# Drive-by shooting at Fitchburg court



## PBC FL Cop (Oct 22, 2003)

Wednesday, June 7, 2006 *Drive-by shooting at court*

Two facing charges in Fitchburg attack

*By M. Elizabeth Roman and MaryJo Hill TELEGRAM & GAZETTE STAFF*

*FITCHBURG- *Lee Thompson of Fitchburg said he was in the lobby and did not hear the bullets that whizzed past students and employees on the sidewalk outside Fitchburg District Court yesterday. Officers told everybody to stay inside the building, he said.

"You've got to be nuts to drive by a courthouse and start shooting," Mr. Thompson said about the 1 p.m. drive-by.

Police said the apparent targets of the shooting had business at the court, but were taking a lunch break outside. http://adx.telegram.com/apps/adx.dl...nprepaidtuitionprogram.aspx?WT.mc_id=2006U143 

No one was hurt.

State police Lt. Charles McPhail and other troopers arrested Irvin M. Andrews, 23, of 21 Greenwood St., Leominster, and Cardea L. Wells, 22, of 227 Rollstone St., shortly after the incident when they found the vehicle matching witnesses' description parked at Mr. Andrews' home.

The suspects were held at Fitchburg police headquarters and charged with assault with a dangerous weapon, discharging a firearm within 500 feet of a dwelling and intimidating a witness.

Police say the drive-by shooting near the courthouse steps yesterday was a brazen act that reflects the times.

"It's an indication of what lack of respect they have for the judicial system," Chief Edward F. Cronin said at a news conference yesterday.

About the time that many court employees were taking their lunch break, Sgt. Thomas M. Daoust and other police officers at the court saw two men in a blue Acura fire a handgun in the direction of the courthouse.

"One officer wrote the license plate number on his hand," Chief Cronin said. "They took immediate action."

Police would not identify the intended victims.

They uncovered evidence but would not specify what it is.

"We are confident we have the right people," he said.

Lawyer Kathy Karl said she was appearing before a judge in a juvenile case when the judge announced there had been a shooting and the courthouse was in lockdown.

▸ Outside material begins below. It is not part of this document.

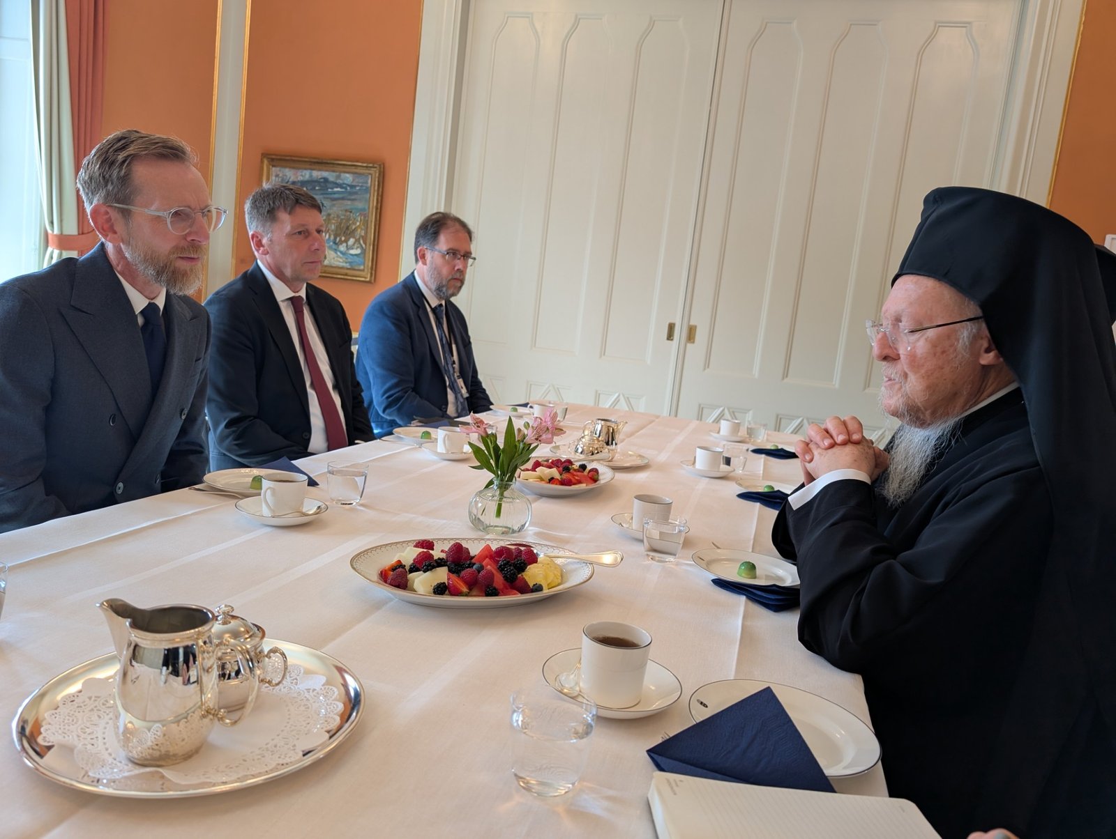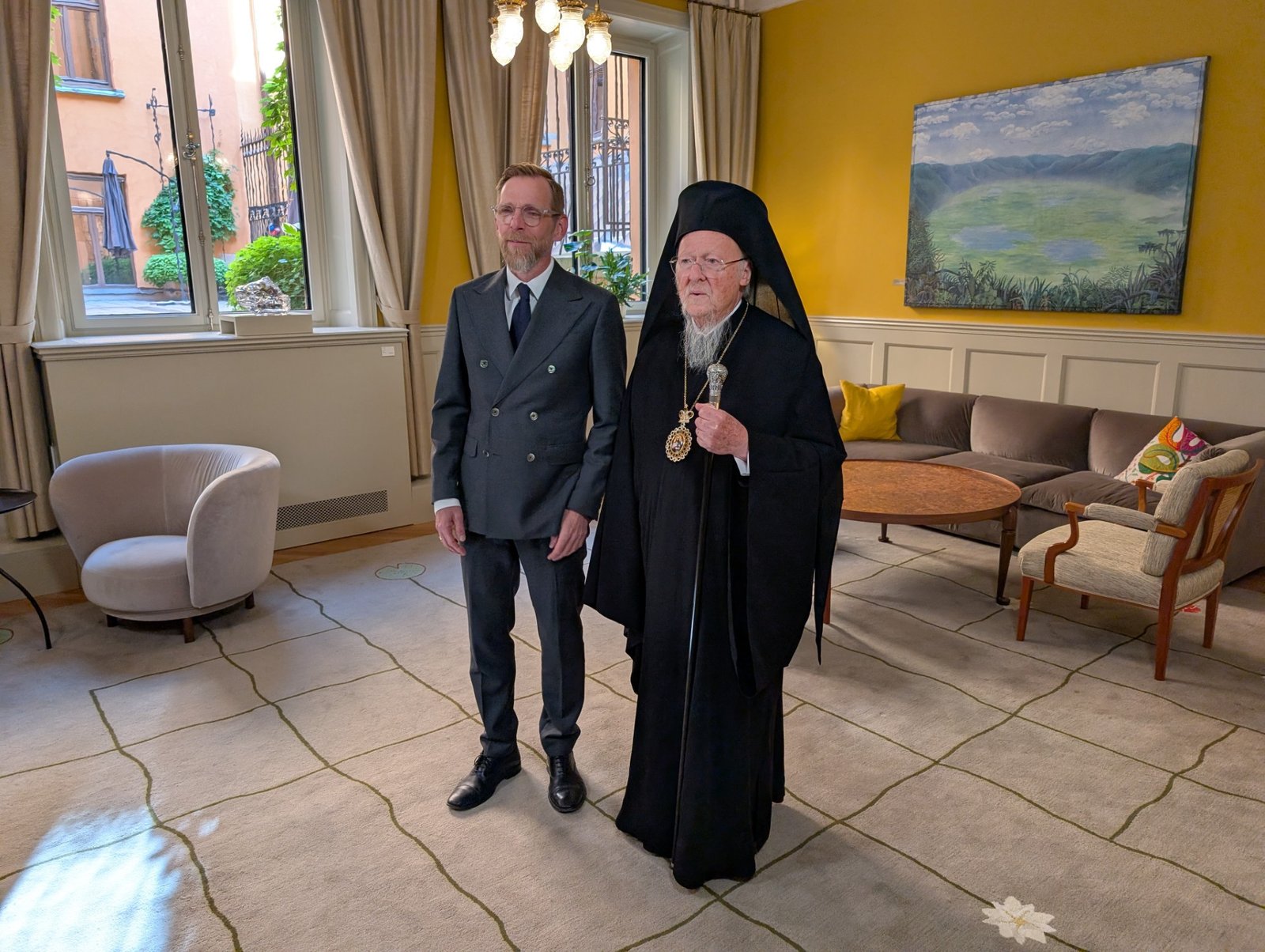 Η Α. Θ. Παναγιότης, ο Οικουμενικός Πατριάρχης κ.κ. Βαρθολομαίος, συνοδευόμενος από τα Μέλη της Συνοδείας του, Σεβ. Μητροπολίτη Νέας Ιερσέης κ. Απόστολο, Πανοσιολ. Μ. Εκκλησιάρχη κ. Αέτιο, και τον Πανοσιολ. Διάκονο κ. Επιφάνιο και τον οικείο Μητροπολίτη Σουηδίας και πάσης Σκανδιναυΐας, Σεβ. κ. Κλεόπα, και εκκίνησε την δευτέρα ημέρα της υψηλής Αυτού επισκέψεως στην Στοκχόλμη, επισκεφθείς την πρωΐα της 22 Αυγούστου 2025, τον Εξοχώτατο Υπουργό κ. Jakob Forssmed, αρμόδιο για τις θρησκευτικές κοινότητες στην Σουηδία, μετά του οποίου είχε ωριαία συζήτηση.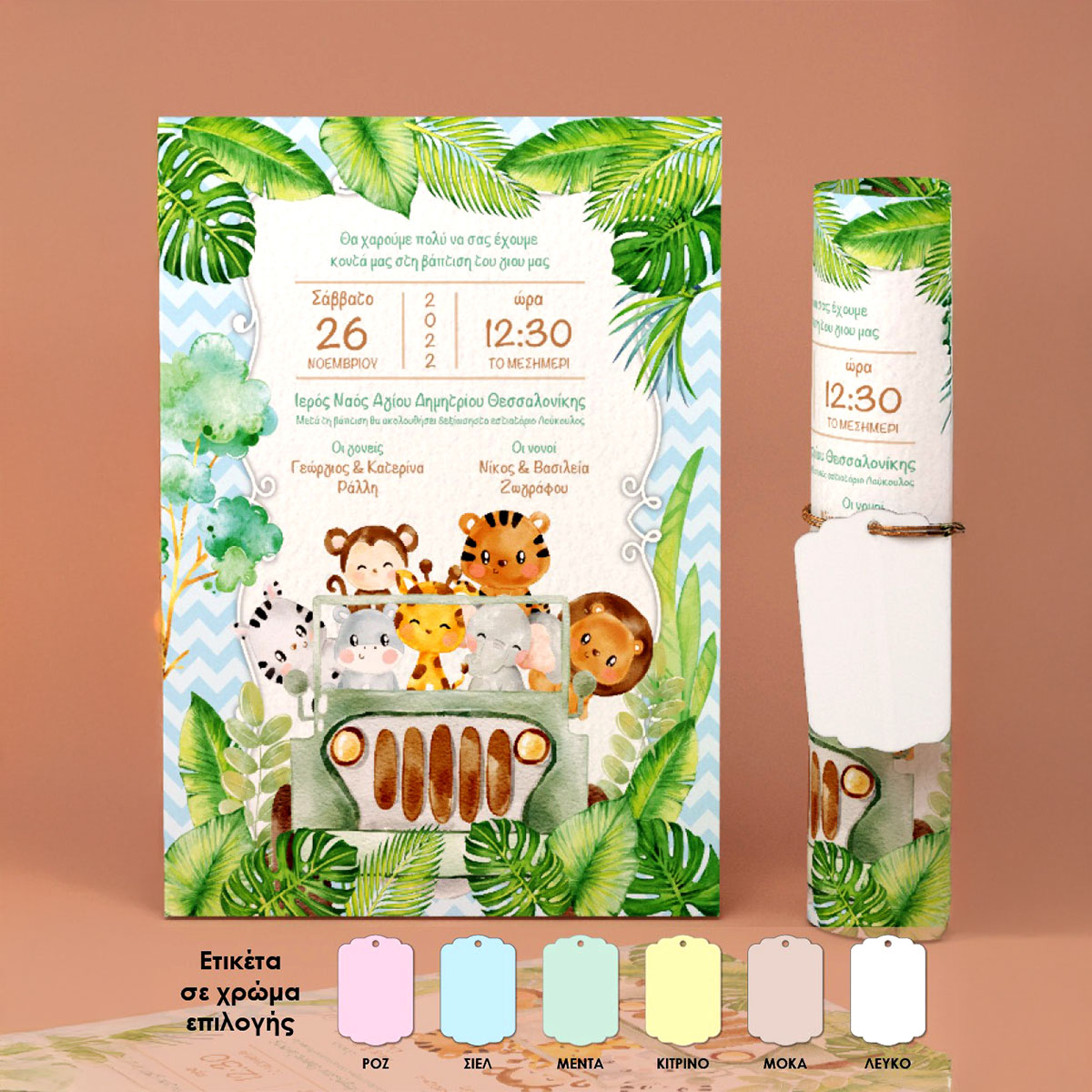 Προσκλητήριο βάπτισης αγόρι, Ζωάκια της ζούγκλας

"We finished our case. Everybody was very calm," Ms. Karl said.

Judge Luis G. Perez lightened the mood by saying he knew he was going to work through lunch anyway, putting everyone at ease, she said.

While Ms. Karl said she felt safe with the lockdown in place, she added, "I just felt bad for people who work here."

After hearing on a police scanner that shots were fired at the courthouse, Wanda Alvarado of Fitchburg rushed to the scene to check on her daughter and granddaughter. They walk past the building when they are leaving Academy Middle School on their way to the library, she said.

Chief Cronin said additional police will be on hand tomorrow when the two suspects are arraigned.


----------



## SOT (Jul 30, 2004)

They should include the discharging a firearm withing 150 of a public way.


----------



## rg1283 (Sep 14, 2005)

Terrorism charges also some where in there. I don't think a Judge will be so light on him now, then again it is MA


----------



## j809 (Jul 5, 2002)

> I don't think a Judge will be so light on him now


Come on this is Fitchburg District Court, land of jury waived trials.


----------



## capepd (May 11, 2002)

Sounds like they'll be getting a stern reprimand before they CWOF the case...


----------



## firefighter39 (Apr 10, 2006)

Perhaps if the Sheriff was not too busy with his water patrols and mounted units and actually deployed deputies to provide a needed security function this would not have happened


----------



## PearlOnyx (Jun 28, 2002)

Firefighter,

A great brazen attempt to turn a totally unrelated topic in to the ever present Sheriff bashing. Sheriff's do not provide court room security in Massachusetts, correct? =)


----------



## firefighter39 (Apr 10, 2006)

PearlOnyx said:


> Firefighter,
> 
> A great brazen attempt to turn a totally unrelated topic in to the ever present Sheriff bashing. Sheriff's do not provide court room security in Massachusetts, correct? =)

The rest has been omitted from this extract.